==== RECORDED DATA

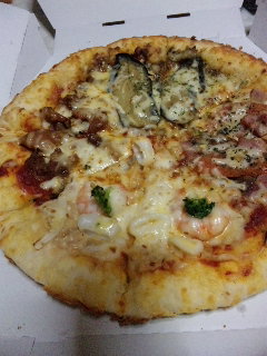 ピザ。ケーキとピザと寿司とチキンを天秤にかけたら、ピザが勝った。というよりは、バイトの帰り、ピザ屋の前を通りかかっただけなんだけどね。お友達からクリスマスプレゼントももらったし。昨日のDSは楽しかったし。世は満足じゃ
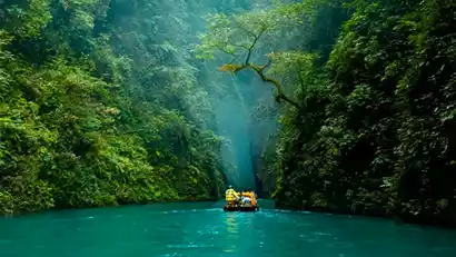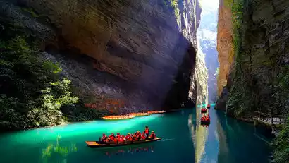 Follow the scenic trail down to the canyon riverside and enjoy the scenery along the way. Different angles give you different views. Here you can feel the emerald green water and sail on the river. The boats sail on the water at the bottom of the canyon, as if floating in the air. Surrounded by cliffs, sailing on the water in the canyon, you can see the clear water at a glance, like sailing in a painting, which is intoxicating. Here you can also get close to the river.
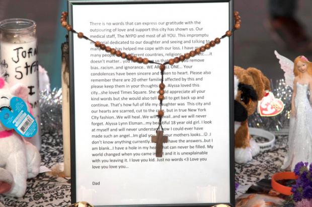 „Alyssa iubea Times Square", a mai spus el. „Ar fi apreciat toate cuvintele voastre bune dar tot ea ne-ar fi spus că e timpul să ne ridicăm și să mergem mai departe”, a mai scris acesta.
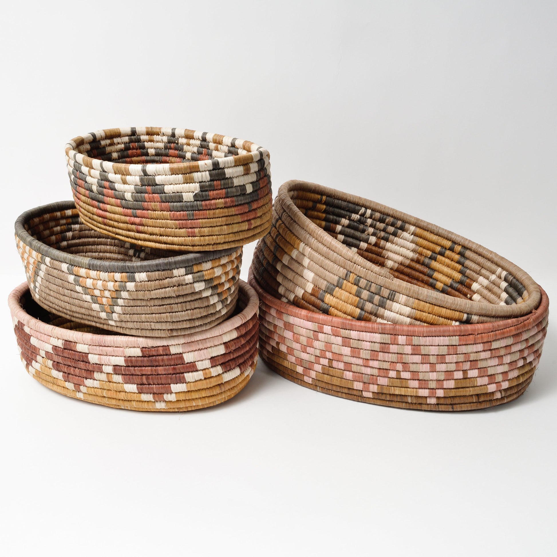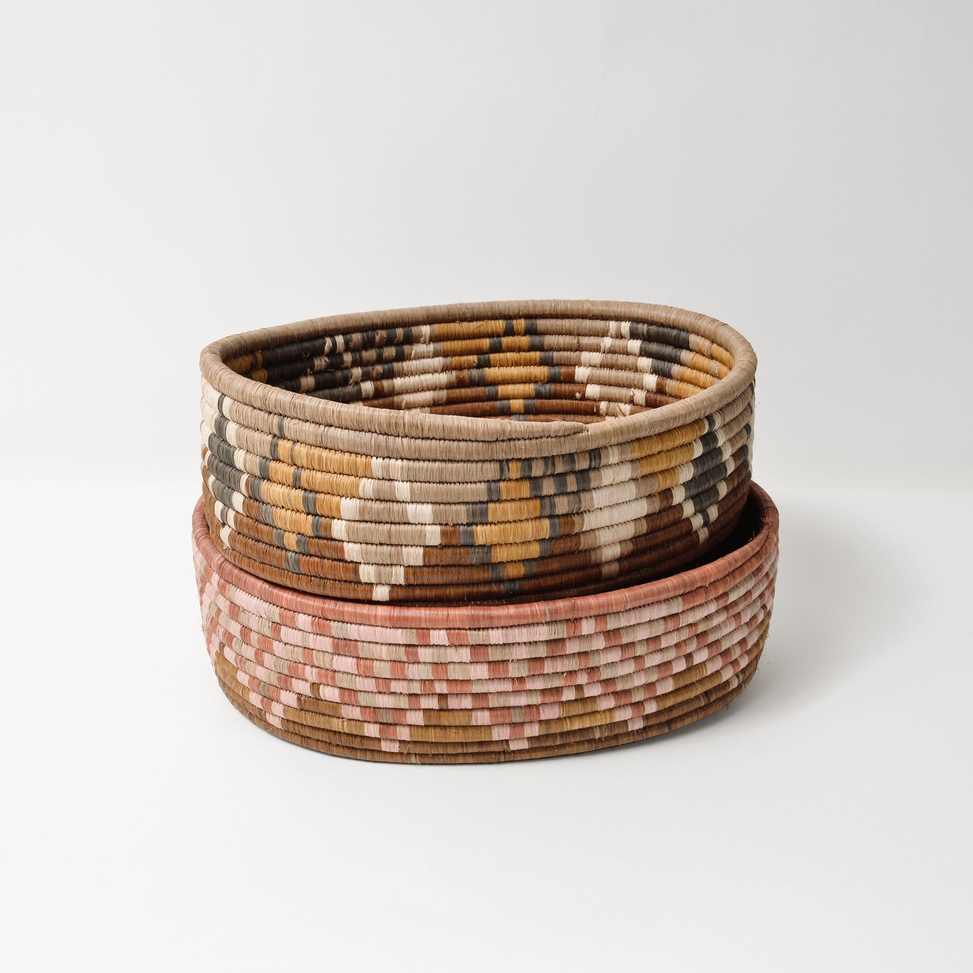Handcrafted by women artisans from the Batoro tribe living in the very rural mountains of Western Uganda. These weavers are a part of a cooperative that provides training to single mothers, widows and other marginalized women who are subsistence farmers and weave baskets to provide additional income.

========

■ WHAT YOU SHOULD DO: All lines from the first in the listing above to the line containing "Follow the scenic", inclusive, go in the output exactly as they are; no pictures go in.

■ OUTPUT OF THE EXERCISE:
 ピザ。ケーキとピザと寿司とチキンを天秤にかけたら、ピザが勝った。というよりは、バイトの帰り、ピザ屋の前を通りかかっただけなんだけどね。お友達からクリスマスプレゼントももらったし。昨日のDSは楽しかったし。世は満足じゃ
 Follow the scenic trail down to the canyon riverside and enjoy the scenery along the way. Different angles give you different views. Here you can feel the emerald green water and sail on the river. The boats sail on the water at the bottom of the canyon, as if floating in the air. Surrounded by cliffs, sailing on the water in the canyon, you can see the clear water at a glance, like sailing in a painting, which is intoxicating. Here you can also get close to the river.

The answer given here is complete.